### Source records
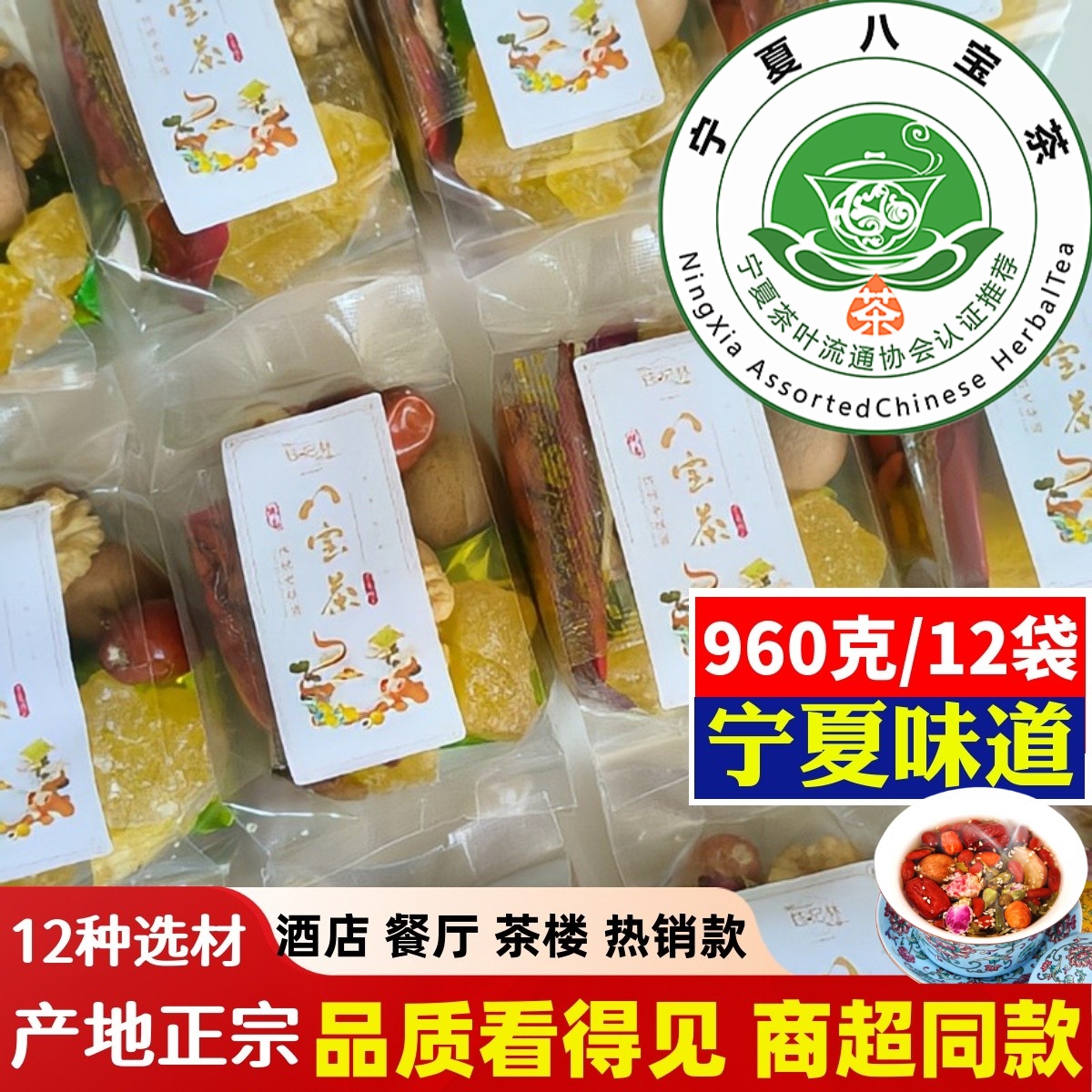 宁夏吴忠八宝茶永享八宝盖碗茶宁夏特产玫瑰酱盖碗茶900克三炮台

==

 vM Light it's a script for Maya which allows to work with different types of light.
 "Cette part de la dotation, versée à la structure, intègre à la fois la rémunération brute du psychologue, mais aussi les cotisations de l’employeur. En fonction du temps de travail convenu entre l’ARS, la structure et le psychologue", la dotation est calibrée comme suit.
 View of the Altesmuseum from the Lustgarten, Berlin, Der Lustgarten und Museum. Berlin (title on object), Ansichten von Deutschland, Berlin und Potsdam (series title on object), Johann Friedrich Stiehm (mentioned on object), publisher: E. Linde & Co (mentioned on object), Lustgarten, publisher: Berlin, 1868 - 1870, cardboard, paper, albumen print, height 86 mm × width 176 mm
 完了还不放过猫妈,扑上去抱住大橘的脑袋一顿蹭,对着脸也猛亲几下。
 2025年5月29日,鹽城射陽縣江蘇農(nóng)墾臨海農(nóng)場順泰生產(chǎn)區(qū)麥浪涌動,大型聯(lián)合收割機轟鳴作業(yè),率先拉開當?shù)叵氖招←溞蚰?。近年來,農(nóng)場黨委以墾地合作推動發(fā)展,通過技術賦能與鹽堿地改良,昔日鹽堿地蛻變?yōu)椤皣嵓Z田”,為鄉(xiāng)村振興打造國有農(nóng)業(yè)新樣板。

### Requirement
Produce a word-for-word copy of everything above from the line holding "View of the" down to the line holding "2025年5月29日,鹽城射", with both of those lines kept.

### Task response
 View of the Altesmuseum from the Lustgarten, Berlin, Der Lustgarten und Museum. Berlin (title on object), Ansichten von Deutschland, Berlin und Potsdam (series title on object), Johann Friedrich Stiehm (mentioned on object), publisher: E. Linde & Co (mentioned on object), Lustgarten, publisher: Berlin, 1868 - 1870, cardboard, paper, albumen print, height 86 mm × width 176 mm
 完了还不放过猫妈,扑上去抱住大橘的脑袋一顿蹭,对着脸也猛亲几下。
 2025年5月29日,鹽城射陽縣江蘇農(nóng)墾臨海農(nóng)場順泰生產(chǎn)區(qū)麥浪涌動,大型聯(lián)合收割機轟鳴作業(yè),率先拉開當?shù)叵氖招←溞蚰?。近年來,農(nóng)場黨委以墾地合作推動發(fā)展,通過技術賦能與鹽堿地改良,昔日鹽堿地蛻變?yōu)椤皣嵓Z田”,為鄉(xiāng)村振興打造國有農(nóng)業(yè)新樣板。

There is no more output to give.